# Just another wider wheels thread...



## Oleg (Aug 10, 2006)

I am a recent crossover from the imports scene (350z). The wheels I used to run on my car were 18' 275(f) and 295(r). I with the GTO I am going to run
17's, maybe even 16's if that would help with the fitment issues.
How close to that setup can I come with the GTO with minimal bodywork? I have no intention of ever lowering the car, BTW...
Any infor on brands, sizes, offsets, etc would be greatly appreciated.
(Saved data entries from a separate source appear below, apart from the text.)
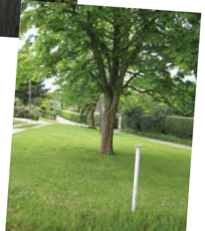
Forty Green – The tiny remnant of the original 4 acre green of Forty Green which now lies in private hands behind the hedge to the right
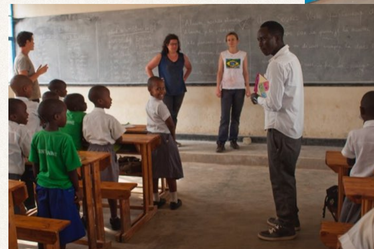
... and school is over!!
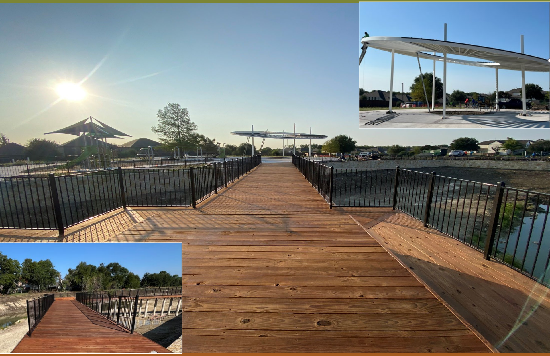
GREENS NEIGHBORHOOD PARK
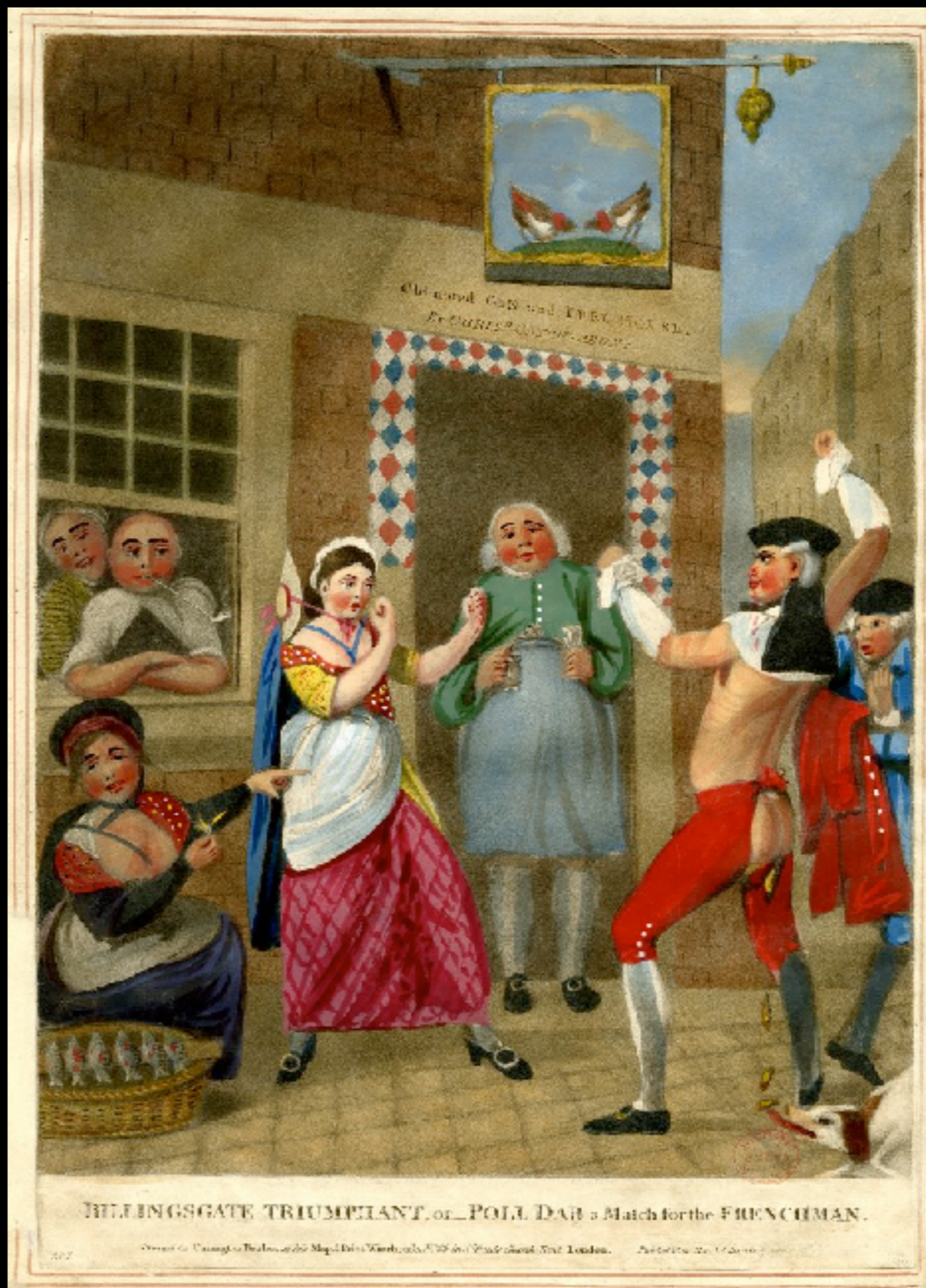
“Billingsgate Triumphant, or - Poll Dab a Match for the Frenchman” by Carington Bowles 1775 (The British Museum)
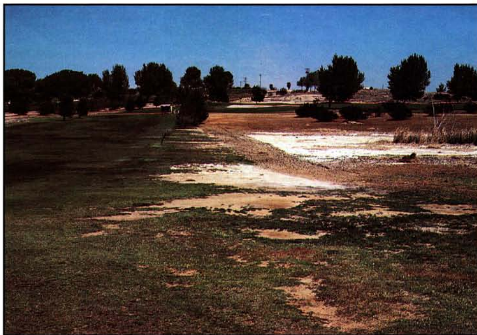
Continuous use of saline water sources without leaching the soils can lead to serious salt accumulations and ultimately turfgrass decline.

High total salts or total salinity concentrations will often reflect the potential for a saline soil problem to develop. Saline conditions inhibit water uptake by turfgrasses and cause a salt-induced drought stress. This is the most common salt-related water issue that occurs and must be managed on golf courses. Total salinity problems are site-specific and must be assessed on that basis, and management strategies
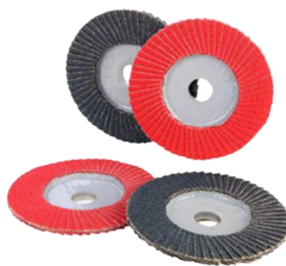
▲ Flap Disc(Glue Type)
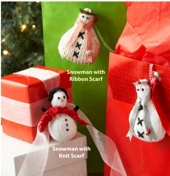
Snowman with Ribbon Scarf

Also, it seems that the chrome is the norm around here, I actually hate it. Are there are lightweigh forged wheels that are in a flat black finish?

Thank you.


----------



## 86Noel (Aug 9, 2006)

I posted these on another thread, but it seems that people don't like them because they are "import" wheels. You should know what they are. The are JLines. They can make custom PCD and everything. Just paint them flat black yourself.


----------



## Oleg (Aug 10, 2006)

http://www.billetwheel.com/cgi/wheels.cgi?cmd=show_image&path=Forged_Multi-Piece_Series&img=9&tn=1

I was thinking this set with a flat black powdercoat wrapped in BFG KD...


----------



## 86Noel (Aug 9, 2006)

Those look sick as hell. They might come in an offset that will be flush to the opening. I have yet to see some one on here to do that.


----------